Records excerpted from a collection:
★ ★ ★ ★
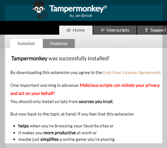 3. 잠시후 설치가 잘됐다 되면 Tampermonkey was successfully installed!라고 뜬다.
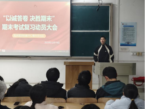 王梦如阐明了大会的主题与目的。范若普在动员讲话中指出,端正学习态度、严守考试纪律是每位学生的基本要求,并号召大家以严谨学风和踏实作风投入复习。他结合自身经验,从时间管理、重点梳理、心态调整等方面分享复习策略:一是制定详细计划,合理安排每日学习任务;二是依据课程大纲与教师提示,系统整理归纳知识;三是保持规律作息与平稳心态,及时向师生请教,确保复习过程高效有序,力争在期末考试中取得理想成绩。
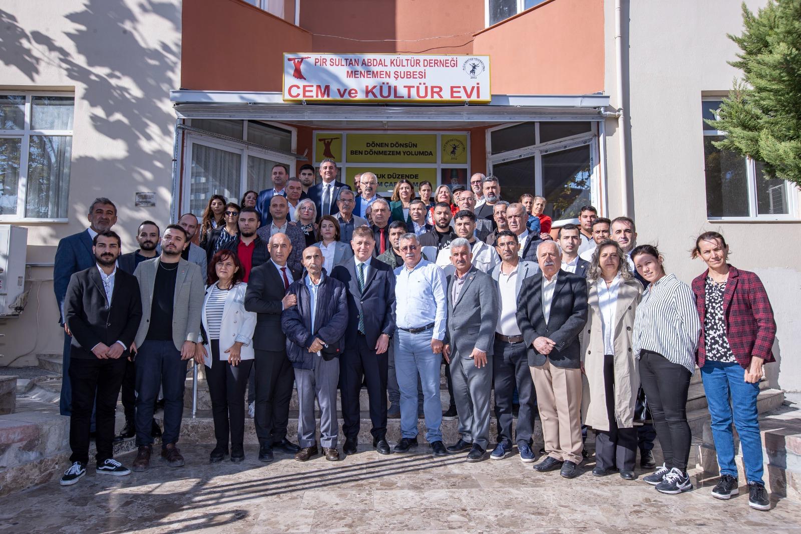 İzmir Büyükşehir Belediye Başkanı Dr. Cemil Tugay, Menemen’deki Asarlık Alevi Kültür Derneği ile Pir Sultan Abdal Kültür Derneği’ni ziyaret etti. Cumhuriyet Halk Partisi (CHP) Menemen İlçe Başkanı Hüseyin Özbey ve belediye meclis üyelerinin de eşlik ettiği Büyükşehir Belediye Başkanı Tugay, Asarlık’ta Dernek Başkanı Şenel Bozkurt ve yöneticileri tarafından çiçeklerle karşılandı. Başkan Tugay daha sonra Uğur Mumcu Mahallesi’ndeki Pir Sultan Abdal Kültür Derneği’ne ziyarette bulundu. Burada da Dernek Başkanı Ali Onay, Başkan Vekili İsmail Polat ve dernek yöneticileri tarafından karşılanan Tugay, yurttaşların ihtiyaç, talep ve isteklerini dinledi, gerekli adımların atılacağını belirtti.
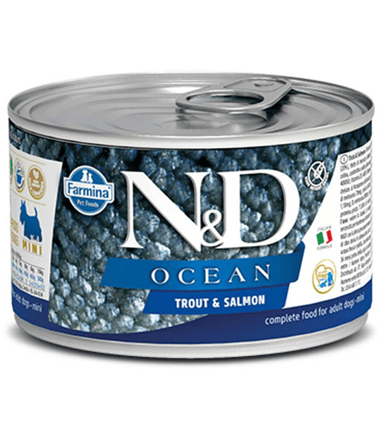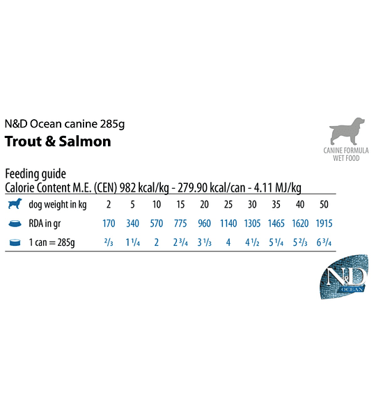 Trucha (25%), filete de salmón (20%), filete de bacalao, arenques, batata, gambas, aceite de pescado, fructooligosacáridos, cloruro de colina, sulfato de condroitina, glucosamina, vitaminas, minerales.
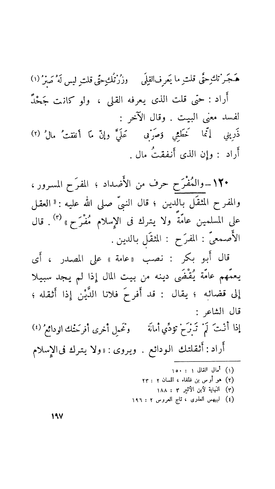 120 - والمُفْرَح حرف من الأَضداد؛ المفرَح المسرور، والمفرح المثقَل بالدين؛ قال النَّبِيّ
★ ★ ★ ★
• Work instructions: Output, exactly and without pictures, the lines above that run from the one containing "Trucha (25%), filete" through the last line of the entries, inclusive.

• Worked solution:
 Trucha (25%), filete de salmón (20%), filete de bacalao, arenques, batata, gambas, aceite de pescado, fructooligosacáridos, cloruro de colina, sulfato de condroitina, glucosamina, vitaminas, minerales.
 120 - والمُفْرَح حرف من الأَضداد؛ المفرَح المسرور، والمفرح المثقَل بالدين؛ قال النَّبِيّ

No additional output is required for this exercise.